EDIT: Also, if that's going to be the supported method going further, are you going to expose GUI options within Steam to run games on the discrete GPU by setting the various environment vars? I feel like you guys aren't the kind of people who will tell all optimus users to muck with launch options for all of their graphically intensive games for the foreseeable future.

EDIT 2: That didn't work for me. I tried SoulCalibur VI, and the entire game was insanely choppy before I even hit the title screen. I have nVidia 450.80; current version in Xubuntu 20.04.

NerosTie commented 4 years ago

I have Optimus (Nvidia 730M) + PRIME render offload and I have no issue with Proton 5.13 about this. It works as with previous versions.

Araly commented 3 years ago

I have the same issue as @HugLifeTiZ , I have an optimus laptop, and on 5.13, games run on the CPU. I can see them appear in nvtop, but the GPU says 0%, and the GPU stays cold, while the CPU gets hot, and performance is abysmal.

@kisak-valve 's solution doesn't work for me. I usually run the whole steam in __NV_PRIME_RENDER_OFFLOAD=1 __GLX_VENDOR_LIBRARY_NAME="nvidia" __VK_LAYER_NV_optimus="NVIDIA_only" to run games on the GPU. I've tried that, and setting those variables in the game's launch options as mentioned, preceding %command%, but both don't make the games run on the GPU, when using 5.13.

I'm using nvidia 455 drivers for a GTX 1050, and https://github.com/Askannz/optimus-manager in hybrid mode (so the GPU is mostly inactive, unless I run an app with the previously mentioned variables.

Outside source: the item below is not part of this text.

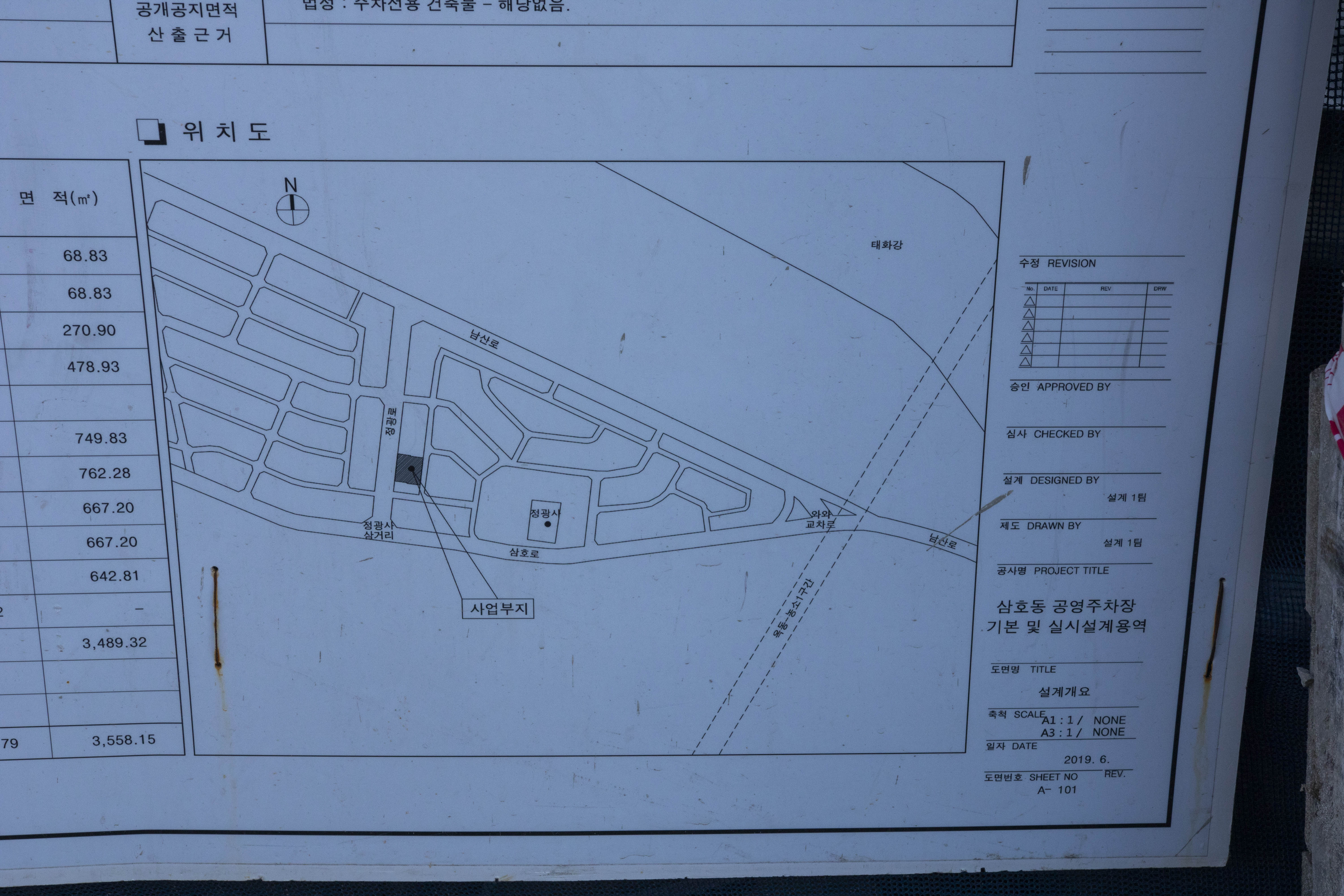 다행히도 현재는 심각한 주차난으로 오랫동안 고통을 받아온 삼호동 주민들을 위해 사업구역 내 노외주차장 임시설치 공사를 하여 삼호주공아파트 인근 국유지 등을 활용해 총 110면 규모의 개방형 공영주차장을 조성이 되어 있습니다. 기능복합형 공영주차장이 완공이 되기전까지 사용할수 있는 주차공간이 확보가 되었습니다.

EDIT: following comments I found on reddit, I moved every file except for /usr/share/vulkan/icd.dnvidia_icd.json in that folder, and that seems to work for now. I half expect that solution to go bad at some point, but it seems to be good enough for now. Apparently, the intel iGPU gets loaded before the nvidia GPU can, because its file is read first.

kisak-valve commented 3 years ago

Tracking note: I've transferred this issue to the steam-runtime issue tracker because it's an issue with Pressure Vessel bringing system-wide Vulkan layers into the Steam Linux Runtime - Soldier container environment.

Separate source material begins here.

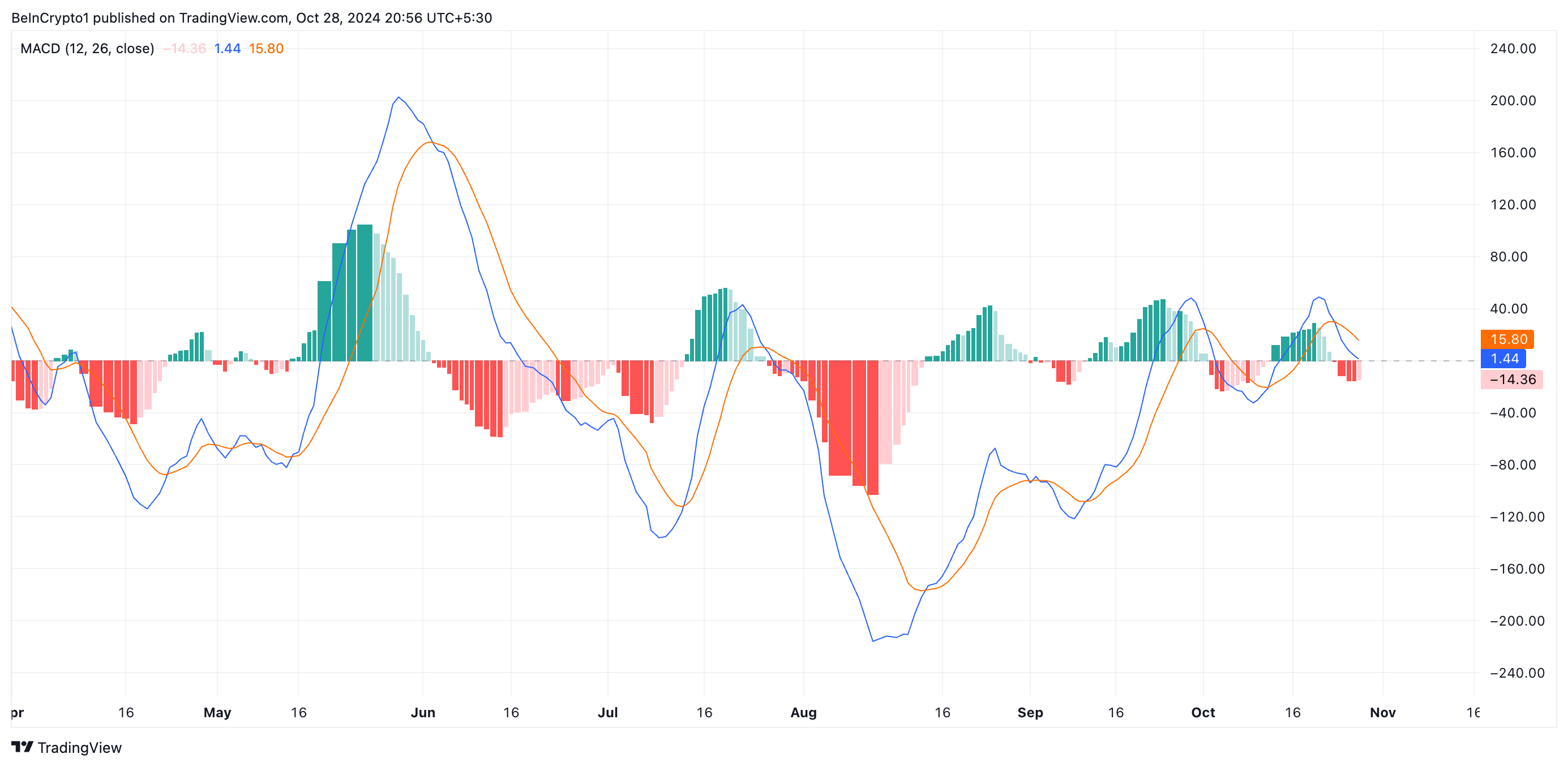 Esimerkiksi sen liikkuvan keskiarvon konvergenssi/divergenssi (MACD) vahvistaa ETH:n kysynnän hidastumisen. Kolikon MACD-linja (sininen) on signaalilinjan (oranssi) alapuolella ja on valmis risteämään nollalinjan alapuolelle.

mcoffin commented 3 years ago

@kisak-valve and others, is there a temporary workaround (probably another way to set layers), that we can use while you all work on getting this resolved?

Thanks in advance!

zaps166 commented 3 years ago

@mcoffin https://github.com/ValveSoftware/steam-runtime/issues/295#issuecomment-710683545

GloriousEggroll commented 3 years ago

Just throwing this in as well -- MESA_VK_DEVICE_SELECT uses a vulkan layer to switch between devices on mesa. Without it laptops with intel+amd or amd+amd are stuck using the iGPU for native vulkan games such as DOOM and Strange Brigade as those games default to the iGPU with no in-game options to change it.

Samsagax commented 3 years ago

As suggested in another discussion, in order to re-enable the Vulkan layers, you need to bypass the LRS container by editing the file named _v2-entry-point in your SteamLinuxRuntime_soldier folder. After the line #!/bin/bash you need to add the lines

shift 4 exec "${@}"

This is a temporary fix and you need to redo it everytime LRS gets updated.

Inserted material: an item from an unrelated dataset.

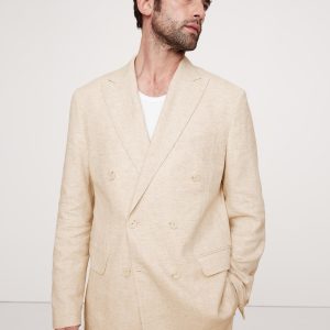 Herringbone Cotton-Linen Double-Breasted Suit Jacket

I did this and the game AOE 2: DE wont start playing, it will stuck at summary screen before game. I assume is because I'm bypassing the entire runtime setup and there is some missing library in my system.

EDIT: following comments I found on reddit, I moved every file except for /usr/share/vulkan/icd.dnvidia_icd.json in that folder, and that seems to work for now. I half expect that solution to go bad at some point, but it seems to be good enough for now. Apparently, the intel iGPU gets loaded before the nvidia GPU can, because its file is read first.

I did this and it worked fine (same game). The files there were:

ls /usr/share/vulkan/icd.d/
intel_icd.i686.json  intel_icd.x86_64.json  nvidia_icd.json

Seems like intel ones are loaded first regardless of which card the environment is meant to use.

GloriousEggroll commented 3 years ago

https://github.com/ValveSoftware/Proton/issues/4289#issuecomment-725343211

This method allows vulkan layers, overlays, etc to work while still running inside the container:

https://www.reddit.com/r/linux_gaming/comments/jc2b77/mangohud_workaround_for_proton_513/gbx4cz6/?utm_source=reddit&utm_medium=web2x&context=3

plasticbomb1986 commented 3 years ago

Just throwing this in as well -- MESA_VK_DEVICE_SELECT uses a vulkan layer to switch between devices on mesa. Without it laptops with intel+amd or amd+amd are stuck using the iGPU for native vulkan games such as DOOM and Strange Brigade as those games default to the iGPU with no in-game options to change it.

Little note here: @aejsmith vkdevicechooser is working, still let me override vulkan gpu device selection.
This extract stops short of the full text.